#### [What is required]
Would you restate every entry below word for word? Leave out the pictures.

#### [Materials provided]
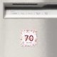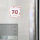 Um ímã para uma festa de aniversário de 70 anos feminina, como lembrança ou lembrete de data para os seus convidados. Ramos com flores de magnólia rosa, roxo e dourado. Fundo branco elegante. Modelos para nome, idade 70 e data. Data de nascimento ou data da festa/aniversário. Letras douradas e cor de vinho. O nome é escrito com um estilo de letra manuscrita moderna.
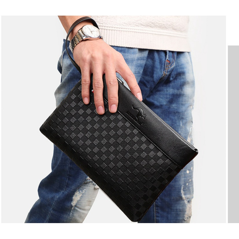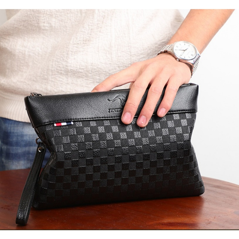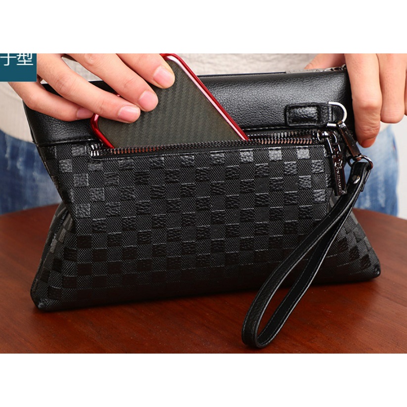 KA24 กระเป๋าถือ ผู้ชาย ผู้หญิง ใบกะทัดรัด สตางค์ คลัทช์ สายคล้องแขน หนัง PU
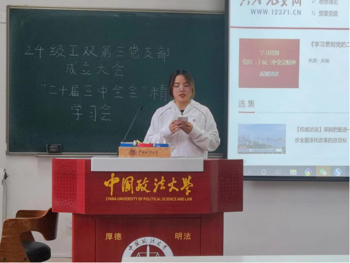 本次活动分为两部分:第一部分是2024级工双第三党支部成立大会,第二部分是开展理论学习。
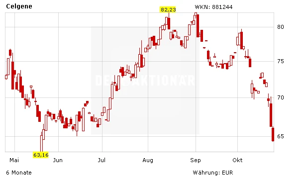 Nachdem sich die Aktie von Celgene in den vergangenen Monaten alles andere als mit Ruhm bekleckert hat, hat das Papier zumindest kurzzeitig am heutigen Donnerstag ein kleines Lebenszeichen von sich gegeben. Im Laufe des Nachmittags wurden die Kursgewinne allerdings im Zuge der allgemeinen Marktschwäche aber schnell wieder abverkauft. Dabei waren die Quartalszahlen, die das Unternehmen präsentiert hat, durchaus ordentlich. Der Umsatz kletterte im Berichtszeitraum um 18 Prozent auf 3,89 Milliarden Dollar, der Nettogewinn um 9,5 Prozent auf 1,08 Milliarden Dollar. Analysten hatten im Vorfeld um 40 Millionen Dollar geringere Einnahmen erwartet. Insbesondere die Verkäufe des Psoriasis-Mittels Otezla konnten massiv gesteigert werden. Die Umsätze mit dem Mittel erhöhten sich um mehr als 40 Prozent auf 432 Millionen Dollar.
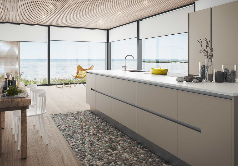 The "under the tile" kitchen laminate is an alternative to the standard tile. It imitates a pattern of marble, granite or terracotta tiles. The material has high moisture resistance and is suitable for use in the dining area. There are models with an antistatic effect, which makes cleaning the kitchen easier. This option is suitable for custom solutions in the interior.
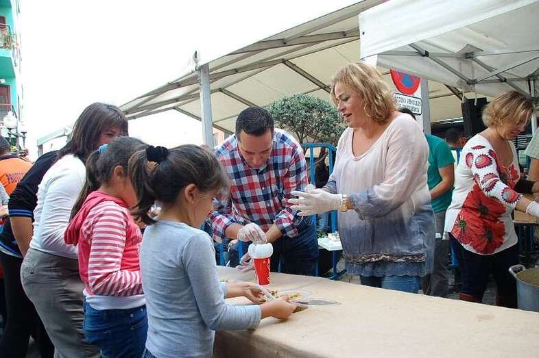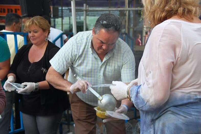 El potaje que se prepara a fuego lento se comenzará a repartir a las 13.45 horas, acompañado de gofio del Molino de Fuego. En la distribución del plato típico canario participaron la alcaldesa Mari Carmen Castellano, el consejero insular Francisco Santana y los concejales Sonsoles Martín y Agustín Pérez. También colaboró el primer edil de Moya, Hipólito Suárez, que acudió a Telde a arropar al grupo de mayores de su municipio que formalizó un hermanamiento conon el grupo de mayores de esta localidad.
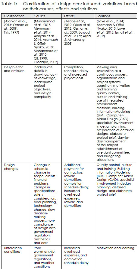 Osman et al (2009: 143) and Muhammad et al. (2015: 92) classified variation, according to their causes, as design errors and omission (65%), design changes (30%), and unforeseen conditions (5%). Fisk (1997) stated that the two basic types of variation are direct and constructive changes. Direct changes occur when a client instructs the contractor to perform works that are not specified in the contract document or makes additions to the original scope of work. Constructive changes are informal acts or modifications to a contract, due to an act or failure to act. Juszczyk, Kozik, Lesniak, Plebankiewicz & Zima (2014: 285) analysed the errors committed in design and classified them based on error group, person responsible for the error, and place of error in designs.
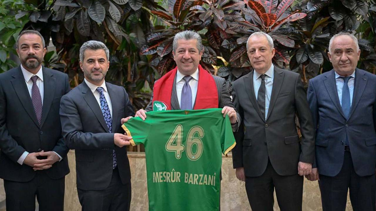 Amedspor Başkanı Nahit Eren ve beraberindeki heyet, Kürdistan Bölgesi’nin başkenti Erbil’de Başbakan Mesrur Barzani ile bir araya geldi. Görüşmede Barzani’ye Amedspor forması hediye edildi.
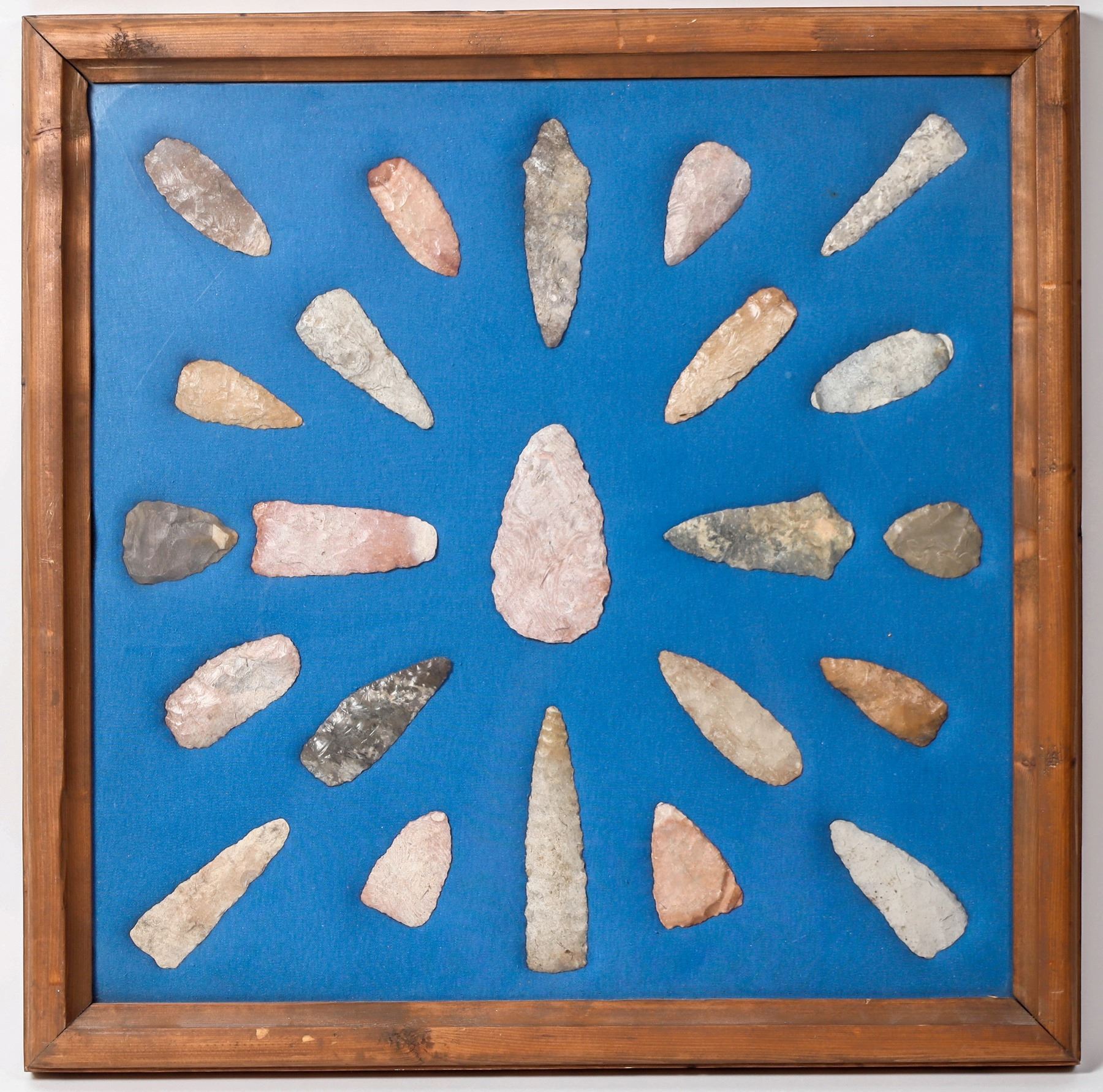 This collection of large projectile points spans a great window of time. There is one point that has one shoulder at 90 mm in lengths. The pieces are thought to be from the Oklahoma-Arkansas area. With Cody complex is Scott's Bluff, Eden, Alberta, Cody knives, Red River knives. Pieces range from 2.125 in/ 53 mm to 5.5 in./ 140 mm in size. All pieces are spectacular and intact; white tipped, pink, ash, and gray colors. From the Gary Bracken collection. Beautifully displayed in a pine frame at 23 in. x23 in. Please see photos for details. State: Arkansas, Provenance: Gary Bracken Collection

#### [Response to the task]
 Um ímã para uma festa de aniversário de 70 anos feminina, como lembrança ou lembrete de data para os seus convidados. Ramos com flores de magnólia rosa, roxo e dourado. Fundo branco elegante. Modelos para nome, idade 70 e data. Data de nascimento ou data da festa/aniversário. Letras douradas e cor de vinho. O nome é escrito com um estilo de letra manuscrita moderna.
 KA24 กระเป๋าถือ ผู้ชาย ผู้หญิง ใบกะทัดรัด สตางค์ คลัทช์ สายคล้องแขน หนัง PU
 本次活动分为两部分:第一部分是2024级工双第三党支部成立大会,第二部分是开展理论学习。
 Nachdem sich die Aktie von Celgene in den vergangenen Monaten alles andere als mit Ruhm bekleckert hat, hat das Papier zumindest kurzzeitig am heutigen Donnerstag ein kleines Lebenszeichen von sich gegeben. Im Laufe des Nachmittags wurden die Kursgewinne allerdings im Zuge der allgemeinen Marktschwäche aber schnell wieder abverkauft. Dabei waren die Quartalszahlen, die das Unternehmen präsentiert hat, durchaus ordentlich. Der Umsatz kletterte im Berichtszeitraum um 18 Prozent auf 3,89 Milliarden Dollar, der Nettogewinn um 9,5 Prozent auf 1,08 Milliarden Dollar. Analysten hatten im Vorfeld um 40 Millionen Dollar geringere Einnahmen erwartet. Insbesondere die Verkäufe des Psoriasis-Mittels Otezla konnten massiv gesteigert werden. Die Umsätze mit dem Mittel erhöhten sich um mehr als 40 Prozent auf 432 Millionen Dollar.
 The "under the tile" kitchen laminate is an alternative to the standard tile. It imitates a pattern of marble, granite or terracotta tiles. The material has high moisture resistance and is suitable for use in the dining area. There are models with an antistatic effect, which makes cleaning the kitchen easier. This option is suitable for custom solutions in the interior.
 El potaje que se prepara a fuego lento se comenzará a repartir a las 13.45 horas, acompañado de gofio del Molino de Fuego. En la distribución del plato típico canario participaron la alcaldesa Mari Carmen Castellano, el consejero insular Francisco Santana y los concejales Sonsoles Martín y Agustín Pérez. También colaboró el primer edil de Moya, Hipólito Suárez, que acudió a Telde a arropar al grupo de mayores de su municipio que formalizó un hermanamiento conon el grupo de mayores de esta localidad.
 Osman et al (2009: 143) and Muhammad et al. (2015: 92) classified variation, according to their causes, as design errors and omission (65%), design changes (30%), and unforeseen conditions (5%). Fisk (1997) stated that the two basic types of variation are direct and constructive changes. Direct changes occur when a client instructs the contractor to perform works that are not specified in the contract document or makes additions to the original scope of work. Constructive changes are informal acts or modifications to a contract, due to an act or failure to act. Juszczyk, Kozik, Lesniak, Plebankiewicz & Zima (2014: 285) analysed the errors committed in design and classified them based on error group, person responsible for the error, and place of error in designs.
 Amedspor Başkanı Nahit Eren ve beraberindeki heyet, Kürdistan Bölgesi’nin başkenti Erbil’de Başbakan Mesrur Barzani ile bir araya geldi. Görüşmede Barzani’ye Amedspor forması hediye edildi.
 This collection of large projectile points spans a great window of time. There is one point that has one shoulder at 90 mm in lengths. The pieces are thought to be from the Oklahoma-Arkansas area. With Cody complex is Scott's Bluff, Eden, Alberta, Cody knives, Red River knives. Pieces range from 2.125 in/ 53 mm to 5.5 in./ 140 mm in size. All pieces are spectacular and intact; white tipped, pink, ash, and gray colors. From the Gary Bracken collection. Beautifully displayed in a pine frame at 23 in. x23 in. Please see photos for details. State: Arkansas, Provenance: Gary Bracken Collection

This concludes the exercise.